I'd venture to bet that there aren't many loco that were converted from oil to coal. Mostly other way around, I'd think. (???)

TJ


----------



## tankist

but the valve-gear is missing completely


----------



## Rocky Mountian

Around 1895 was the first oil burner, oil was fairly new and they were looking for ways to use it.
Huntington wasn,t for it in the begining because it ( in his mind ) would make the oil barons king and he was king at that time not wanting to give up that power.
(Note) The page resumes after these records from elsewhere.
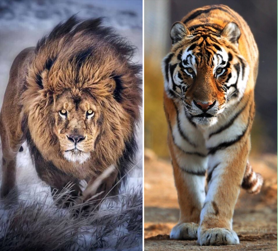 사자와 호랑이는 겉모습으로는.. 털이 모양 때문에 많이 다르다.
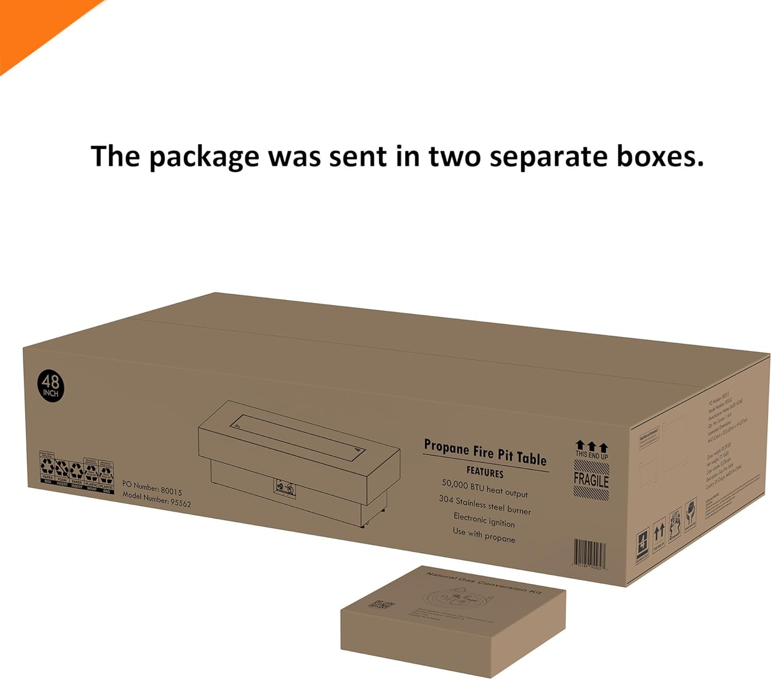 - Natural Gas Conversion Kit - Includes a natural gas conversion kit to convert the propane version to natural gas version, which will be shipped separately. We shipped the package in two separate boxes, It is possible that one package will arrive before the other.
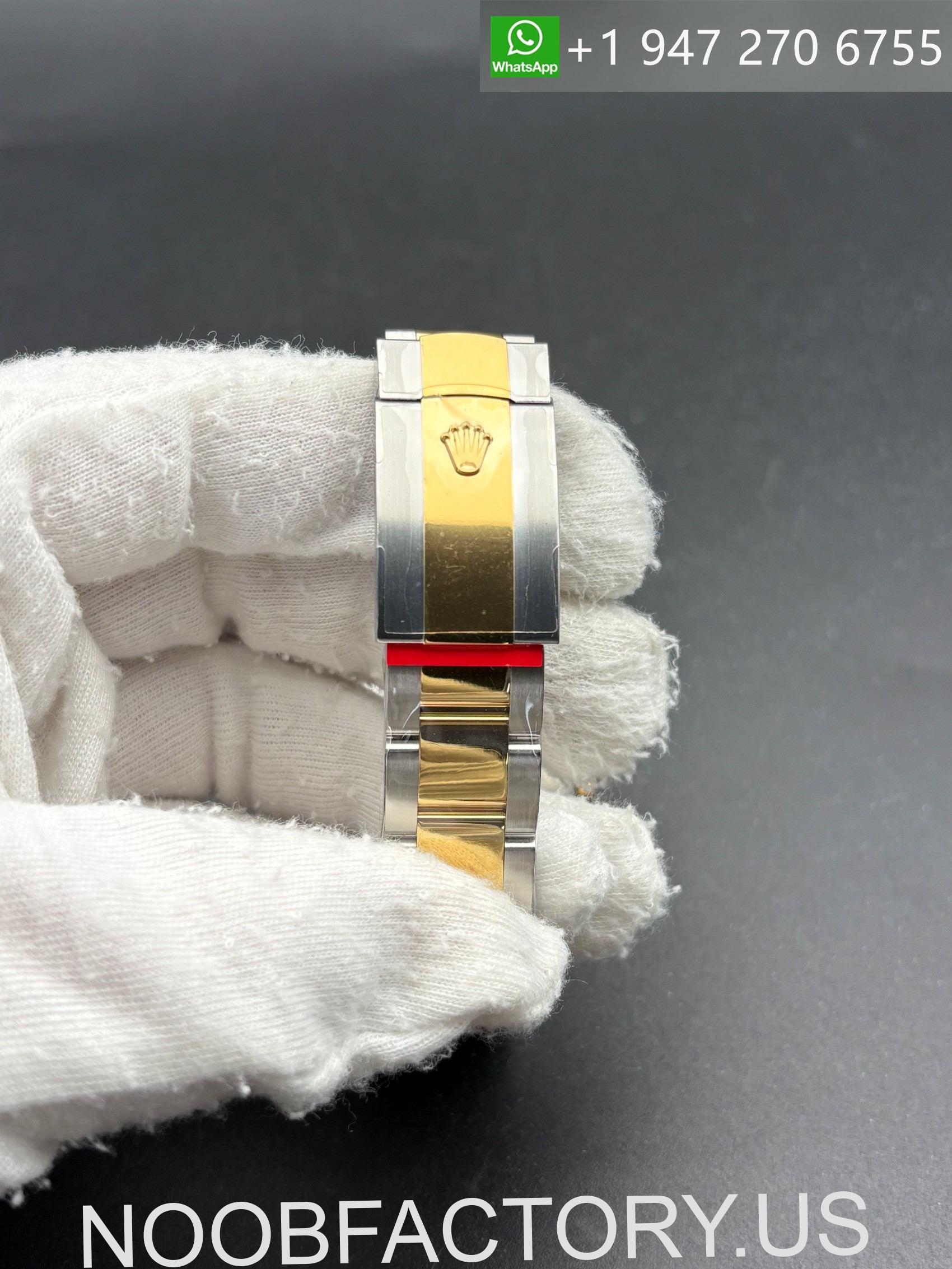 – **Bracelet**: The Oyster bracelet features flat three-piece links made of solid 904L stainless steel with a DLC scratch-protection coating,the middle part is 18k gold plated.It includes a folding OysterLock safety clasp with the Easylink 5 mm comfort extension system, mirroring the original design.
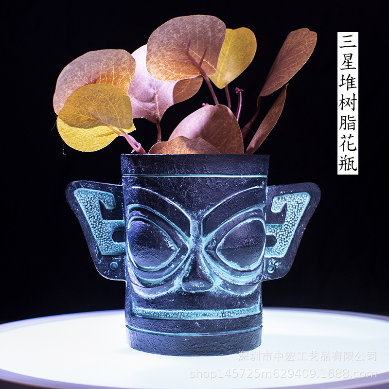 크로스 보더 Sanxingdui 수제 펜 용기 장식품 마스크 기념 열쇠 보관 현관 책장 책상 꽃병 재떨이
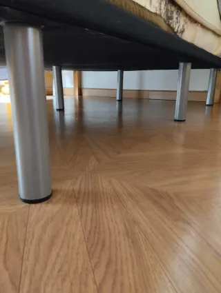 Elegante mesa camilla con tapa de cristal y estructura cubierta de tela gris. - Diseño moderno y funcional. - Cubierta de tela con acabado texturizado. - Superficie de cristal transparente. Refuerzo de metal en borde de tarima. BRASERO NO INCLUIDO pintada en negro. Tarima azul. Pequeño toque en cristal que no hace roce La ropa está marcada del calor. De ahí si precio aunque ya sólo por el cristal merece la pena. Se puede entregar a partir del 5 de abril.
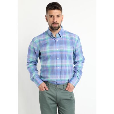 Camisa Fantasia Premium Manga Larga Boton Cuello Celeste | Falabella
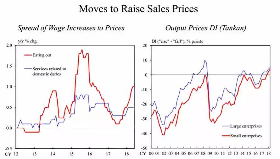 当前出现的一些变化指向经济和就业状况在持续改善。例如,提高售价的现象变动更加广泛,主要是在服务行业,如外出就餐。此外,根据银行的短观调查,提高产品价格的企业数量已经超过降价企业数量有一段时间了。随着所谓的婴儿潮一代达到70岁,劳动力市场的状况可能会进一步收紧,主要兼职员工的工资增长速度预计将会加快。随着工资上涨的影响扩大到普通员工,这将导致家庭对物价上涨的容忍度提高。当这种情况发生时,公司的价格上涨也将更容易被接受。
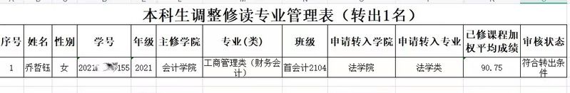 根据《米兰电竞·(中国区)本科生调整修读专业管理办法(修订)》(中南大教字【2021】34号)文件精神、《会计学院本科生调整修读专业(类)实施细则》和教务部《关于做好2021级普通本科学生调整修读专业(类)工作的通知》经审核,我院以下学生符合申请调整修读专业的要求,现予以公示。公示时间为2022年2月27日-3月1日。如有异议,请于2022年3月1日12:00点前将复议申请以书面形式交到文泉楼南307(会计学院教学办)。
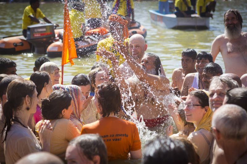 On 23 April 2016, Vishwaguruji blessed his disciples with an unexpected afternoon Snaan. Devotion and happiness exploded in the Holy River Kshipra.
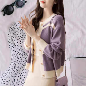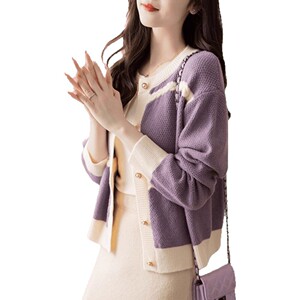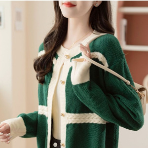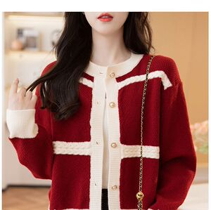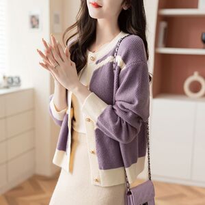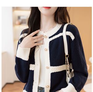 新款时尚新款小香风针织毛衣外套女圆领拼色短款针织衫女上衣潮
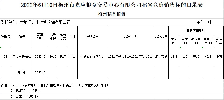 受客戶委托,梅州市嘉應糧食交易中心有限公司定于2022年6月10日(星期五)舉辦糧食競價交易會。大埔縣興豐糧食收儲有限公司擬銷售2019年早秈稻3283.6噸。
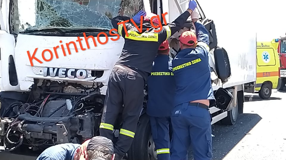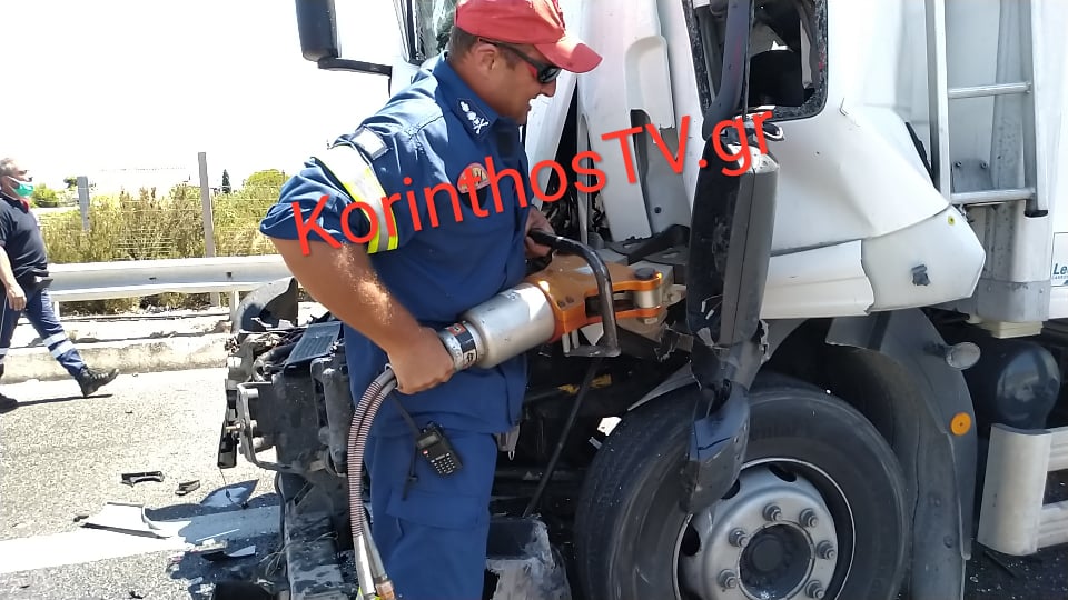 Τροχαίο ατύχημα σημειώθηκε στο 64 χλμ Νέας Εθνικής Οδού Αθηνών-Κορίνθου στο ύψος των Αγίων Θεοδώρων, όταν για άγνωστο λόγο φορτηγό «καρφώθηκε» κυριολεκτικά στο πίσω μέρος προπορευόμενης νταλίκας με αποτέλεσμα να εγκλωβιστεί ο οδηγός.
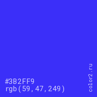 Цвет #3B2FF9 в цветовой модели RGB обозначается тремя октетами (59, 47, 249) в десятичном формате и #3B2FF9 в шестнадцатиричном (hex) формате, которые являются интенсивностью красного 59 (hex 3B), интенсивность зелёного 47 (hex 2F) и интенсивность синего 249 (hex F9).
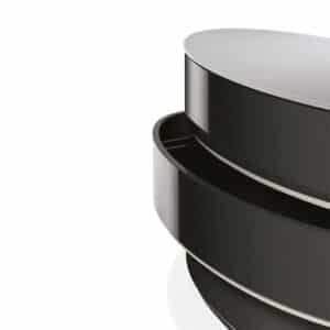 The HUGS collection has a wooden structure with 45-degree grooves and is available both in a wood veneer version and in a glossy or matt lacquered version in different colours. The feet are in varnished and rounded solid wood with details in Bronzed Brass or varnished metal.
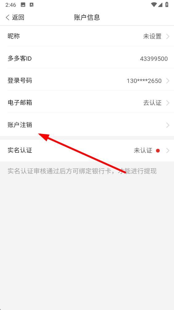 3、在賬戶信息頁面中,找到賬戶注銷選項,點擊進(jìn)入注銷流程,按照頁面提示完成身份驗證等相關(guān)操作后,確認(rèn)注銷即可。
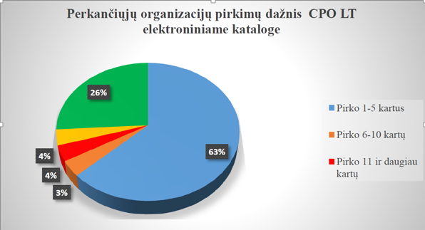 Respondentų atsakymai rodo, kad net 63 proc. švietimo įstaigų perkančiųjų organizacijų perka 1-5 kartus, o dažniau (6 ir daugiau kartu) perka vos 7 proc. jų. Tačiau gana didelis skaičius perkančiųjų organizacijų (26 proc.) nurodė, kad iš viso nepirko joms būtinų reikmenų per CPO LT kanceliarinių prekių modulį (1pav.).
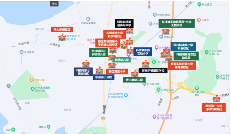 苏州科技城西渚实验幼儿园,苏州科技城实验小学,苏州实验初级中学,高新区第三中学,科技城外国语,南京大学等
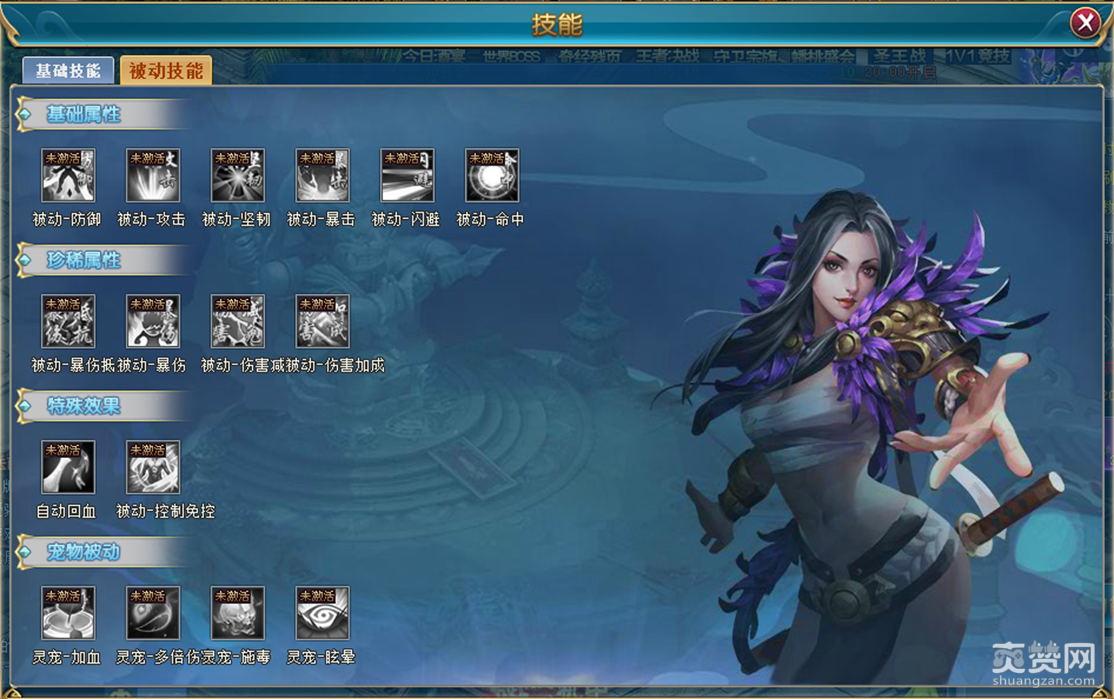 5.被动技能分为:角色被动,灵宠被动,被动技能触发条件为:攻击时触发和被攻击时触发
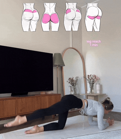→ 抬至大腿与躯干同线,不要为了高度塌腰。顶点停1秒,极限收紧臀部

Not sure on the date but thats what sticks in my old brain.LAL


----------



## Reckers

tankist said:


> but the valve-gear is missing completely


Just a guess, without really knowing anything: they say it's awaiting refurbishing. Perhaps the valve gear has been removed to start the process, and that's why the access-doors are open?


----------



## full maxx

great lesson on the history thanks...


----------



## T-Man

For a tidbit, oil fired engines were mostly west coast, coal in the east.
The Baldwin at El Campo is oil fired.


----------



## Rocky Mountian

T-Man said:


> For a tidbit, oil fired engines were mostly west coast, coal in the east.
> The Baldwin at El Campo is oil fired.


Yep there was alot of oil around LA back in the day. It took awhile to perfect the nozzles and pressure. Alot of towing back to yard to try again:laugh::laugh:
Your tidbit make sence lots of coal in the east and lots of oil in the west.


----------



## full maxx

wonder what was more energy/money saving...oil or coal


----------



## norgale

Back then oil cost less that coal and was easier and faster to load. They even tried to oil fire a BigBoy but it didn't work. Couldn't make enough steam so the engine was refitted to coal. I guess a lot depended on the size of the loco and how far the oil or coal had to be transpoted to where it could be used. Like what was said above,lotsa oil in the West,lots of coal in the East.
Pete


----------



## T-Man

Don't you remember Thomas The Tank Engine. The episode were one engine needed Welsh soft coal since it burned hotter and the engine had a smaller fire box. Engines are designed for specific fuels.


----------



## norgale

I knew they ran on either coal or oil but not that they had to have a specific type of coal. Wonder how one would run on jet fuel? Ha!


----------



## tjcruiser

norgale said:


> I knew they ran on either coal or oil but not that they had to have a specific type of coal. Wonder how one would run on jet fuel? Ha!


Well, since you asked ...

http://www.modeltrainforum.com/showthread.php?t=3556



TJ


----------



## norgale

That's really neat Tj but the trin would need ten tankers of fuel to get from Boston to NY. Cool look though. Pete


----------